**What the task requires**
The listing below should be printed exactly, though its pictures must not be.

**Supplied information**
____________________

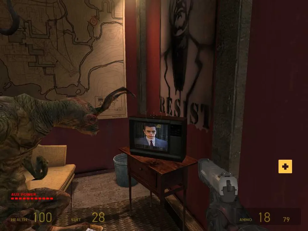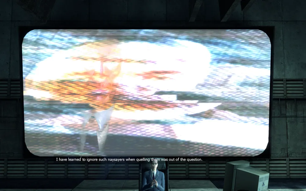 Вопрос на тему "Откуда в Portal ЖК-мониторы и беспроводные мышки" остается открытым. Ведь семичасовая война произошла во времена ЭЛТ мониторов и огромных ЭВМ с перфокартами (если судить по half-life 1). Даже во втором эпизоде на столе у G-Man'а стоит ЭЛТ монитор (картинка внизу поста)
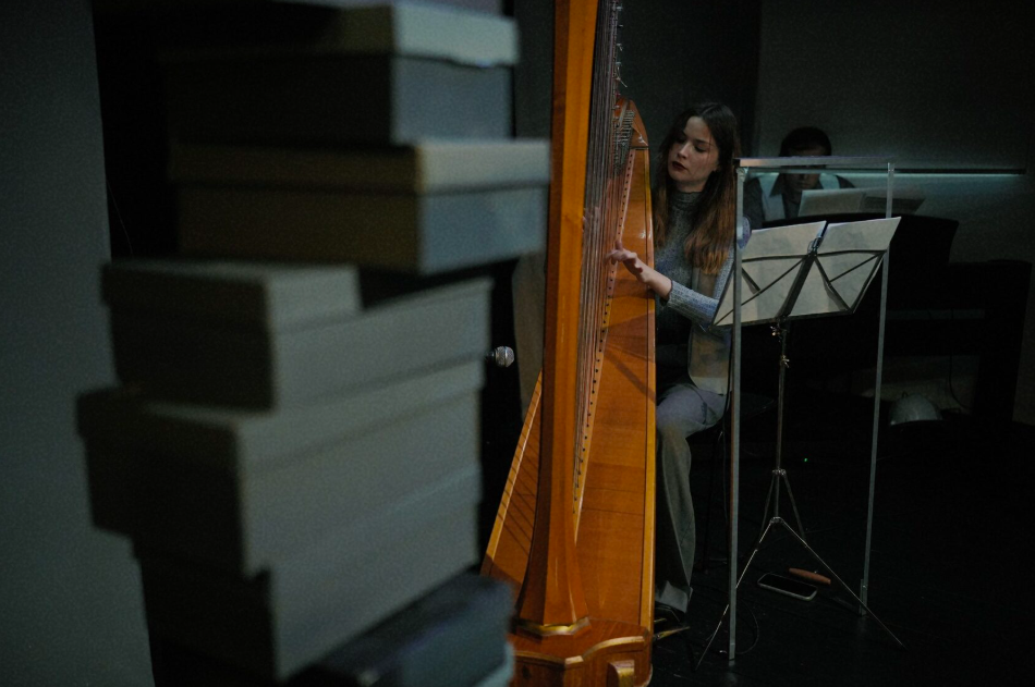Мост между конкретным 2025-м и абстрактным 1925-м строится с помощью звука — дорогу прокладывает музыкальное полотно, которое специально для «Сна» создали Владислав Федоров и Ярослав Коваленко, основатели творческого объединения mader nort. Сделав, к слову, таким образом закономерный шаг на своем пути амбассадоров музыкального минимализма: кажется, в последние несколько лет никто в Петербурге не играет Симеона Тен Хольта, Джона Кейджа и так далее чаще, чем они. Музыка к «Сну Левинсона» отсылает то к Canto Ostinato Тен Хольта, то к Marimba Phase Стива Райха и в целом представляет собой классический минималистский опус — разве что смонтированный из нескольких частей и для атмосферности дополненный шумовой партитурой. Это очень логичная параллель: архитектуру не зря называют застывшей музыкой, а здания конструктивиста-Левинсона могли бы звучать именно так.
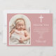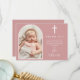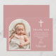 En elegant valv och signatur skript foto dop eller dopceremoni tackkort. Personifiera med ditt speciella foto och tackmeddelande i chic vit bokstav på en dammig rosa bakgrund. Designad av Thisisnotme
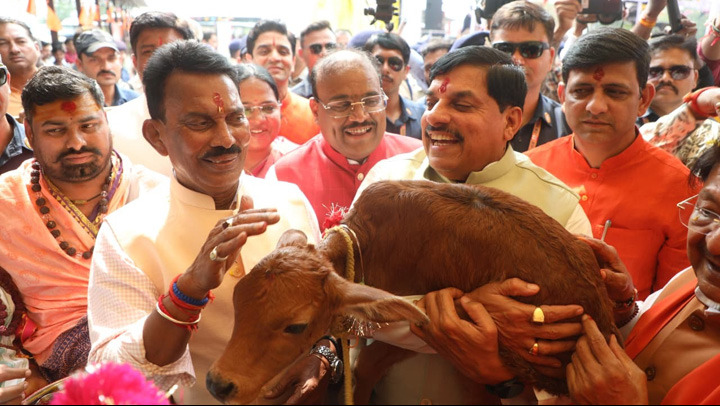 मुख्यमंत्री डॉ. मोहन यादव ने इंदौर के हातौद में रेशम केंद्र खजूरिया गौशाला में गोवर्धन पूजा के दौरान गौवंश का पूजन कर उन्हें दुलार किया।

____________________

**The answer**
 Вопрос на тему "Откуда в Portal ЖК-мониторы и беспроводные мышки" остается открытым. Ведь семичасовая война произошла во времена ЭЛТ мониторов и огромных ЭВМ с перфокартами (если судить по half-life 1). Даже во втором эпизоде на столе у G-Man'а стоит ЭЛТ монитор (картинка внизу поста)
Мост между конкретным 2025-м и абстрактным 1925-м строится с помощью звука — дорогу прокладывает музыкальное полотно, которое специально для «Сна» создали Владислав Федоров и Ярослав Коваленко, основатели творческого объединения mader nort. Сделав, к слову, таким образом закономерный шаг на своем пути амбассадоров музыкального минимализма: кажется, в последние несколько лет никто в Петербурге не играет Симеона Тен Хольта, Джона Кейджа и так далее чаще, чем они. Музыка к «Сну Левинсона» отсылает то к Canto Ostinato Тен Хольта, то к Marimba Phase Стива Райха и в целом представляет собой классический минималистский опус — разве что смонтированный из нескольких частей и для атмосферности дополненный шумовой партитурой. Это очень логичная параллель: архитектуру не зря называют застывшей музыкой, а здания конструктивиста-Левинсона могли бы звучать именно так.
 En elegant valv och signatur skript foto dop eller dopceremoni tackkort. Personifiera med ditt speciella foto och tackmeddelande i chic vit bokstav på en dammig rosa bakgrund. Designad av Thisisnotme
 मुख्यमंत्री डॉ. मोहन यादव ने इंदौर के हातौद में रेशम केंद्र खजूरिया गौशाला में गोवर्धन पूजा के दौरान गौवंश का पूजन कर उन्हें दुलार किया।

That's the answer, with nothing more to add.